## Exercise objective
Where a picture occurs in the data, omit it, and copy all remaining data exactly.

:: Given data

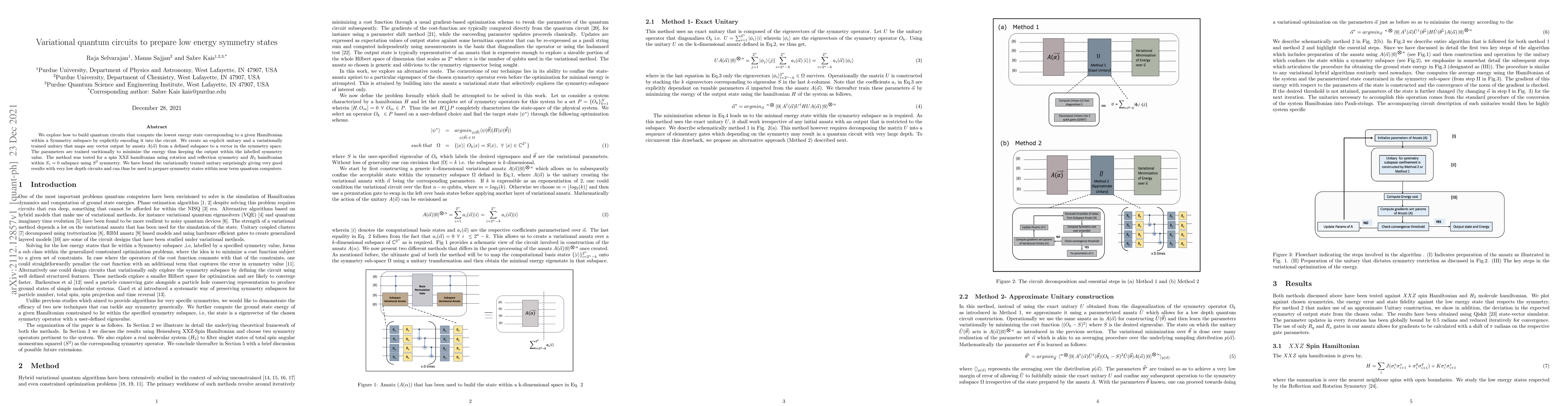 We explore how to build quantum circuits that compute the lowest energy state corresponding to a given Hamiltonian within a Symmetry subspace by explicitly encoding it into the circuit. We create an explicit unitary and a variationally trained unitary that maps any vector output by ansatz A(~{\alpha}) from a defined subspace to a vector in the symmetry space. The parameters are trained varitionally to minimize the energy thus keeping the output within the labelled symmetry value. The method was tested for a spin XXZ hamiltonian using rotation and reflection symmetry and H2 hamiltonian within S_z = 0 subspace using S^2 symmetry. We have found the variationally trained unitary surprisingly giving very good results with very low depth circuits and can thus be used to prepare symmetry states within near term quantum computers.
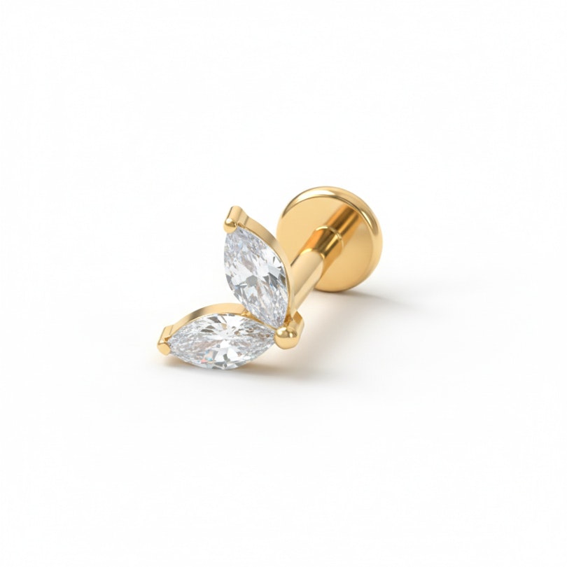 Este labret em titânio com pedras gémeas é uma verdadeira joia de ostentação subtil com pedras que refletem a luz para todo o lado. Não é brilho a mais e não é básica demais. É o equilíbrio perfeito numa joia que vai assentar naturalmente no teu piercing.
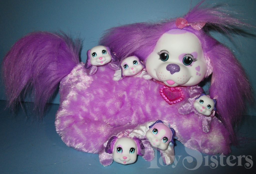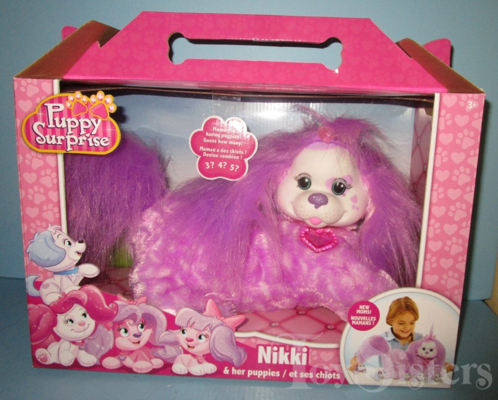 Nikki is a Puppy Surprise mommy plush released by the toy line Just Play. She could come with three, four, or five puppies tucked in her tummy pouch. To see other Just Play mommy dogs, click here.

::::

## Written answer
 We explore how to build quantum circuits that compute the lowest energy state corresponding to a given Hamiltonian within a Symmetry subspace by explicitly encoding it into the circuit. We create an explicit unitary and a variationally trained unitary that maps any vector output by ansatz A(~{\alpha}) from a defined subspace to a vector in the symmetry space. The parameters are trained varitionally to minimize the energy thus keeping the output within the labelled symmetry value. The method was tested for a spin XXZ hamiltonian using rotation and reflection symmetry and H2 hamiltonian within S_z = 0 subspace using S^2 symmetry. We have found the variationally trained unitary surprisingly giving very good results with very low depth circuits and can thus be used to prepare symmetry states within near term quantum computers.
 Este labret em titânio com pedras gémeas é uma verdadeira joia de ostentação subtil com pedras que refletem a luz para todo o lado. Não é brilho a mais e não é básica demais. É o equilíbrio perfeito numa joia que vai assentar naturalmente no teu piercing.
 Nikki is a Puppy Surprise mommy plush released by the toy line Just Play. She could come with three, four, or five puppies tucked in her tummy pouch. To see other Just Play mommy dogs, click here.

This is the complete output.